5.1. Building an estimation case with explicit data definition¶

This very simple example is a demonstration one, and describes how to set a BLUE estimation framework in order to get the fully weighted least square estimated state of a system from an observation of the state and from an a priori knowledge (or background) of this state. In other words, we look for the weighted middle between the observation and the background vectors. All the numerical values of this example are arbitrary.
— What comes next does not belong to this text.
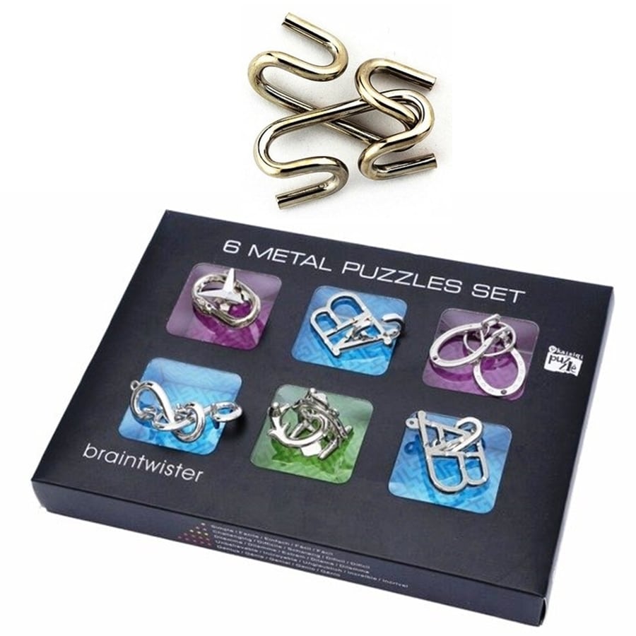 מארז עם 6 משחקי חשיבה מאתגרים ממתכת, מתאים לגילאי 8 עד 99

5.1.1. Experimental setup¶

We choose to operate in a 3-dimensional observation space, that is we deal with 3 simple measures. The 3 dimensionality is chosen in order to restrict the size of numerical object to be explicitly entered by the user, but the problem is not dependent of the dimension and can be set in observation dimension of 10, 100, 1000… The observation $\mathbf{y}^o$ is of value 1 in each direction, so:

Yo = [1 1 1]

The background state $\mathbf{x}^b$ , which represent some a priori knowledge or a mathematical regularization, is chosen of value of 0 in each case, which leads to:

Xb = [0 0 0]

Data assimilation requires information on errors covariances $\mathbf{R}$ and $\mathbf{B}$ , respectively for observation and background error variables. We choose here to have uncorrelated errors (that is, diagonal matrices) and to have the same variance of 1 for all variables (that is, identity matrices). We set:

B = R = Id = [1 0 0 ; 0 1 0 ; 0 0 1]

Last, we need an observation operator $\mathbf{H}$ to convert the background value in the space of observation values. Here, because the space dimensions are the same, we can choose the identity as the observation operator:

H = Id = [1 0 0 ; 0 1 0 ; 0 0 1]

With such choices, the “Best Linear Unbiased Estimator” (BLUE) will be the average vector between $\mathbf{y}^o$ and $\mathbf{x}^b$ , named the analysis, denoted by $\mathbf{x}^a$ , and its value is:

Xa = [0.5 0.5 0.5]

As an extension of this example, one can change the variances represented by $\mathbf{B}$ or $\mathbf{R}$ independently, and the analysis $\mathbf{x}^a$ will move to $\mathbf{y}^o$ or to $\mathbf{x}^b$ , in inverse proportion of the variances in $\mathbf{B}$ and $\mathbf{R}$ . As an other extension, it is also equivalent to search for the analysis thought a BLUE algorithm or a 3DVAR one.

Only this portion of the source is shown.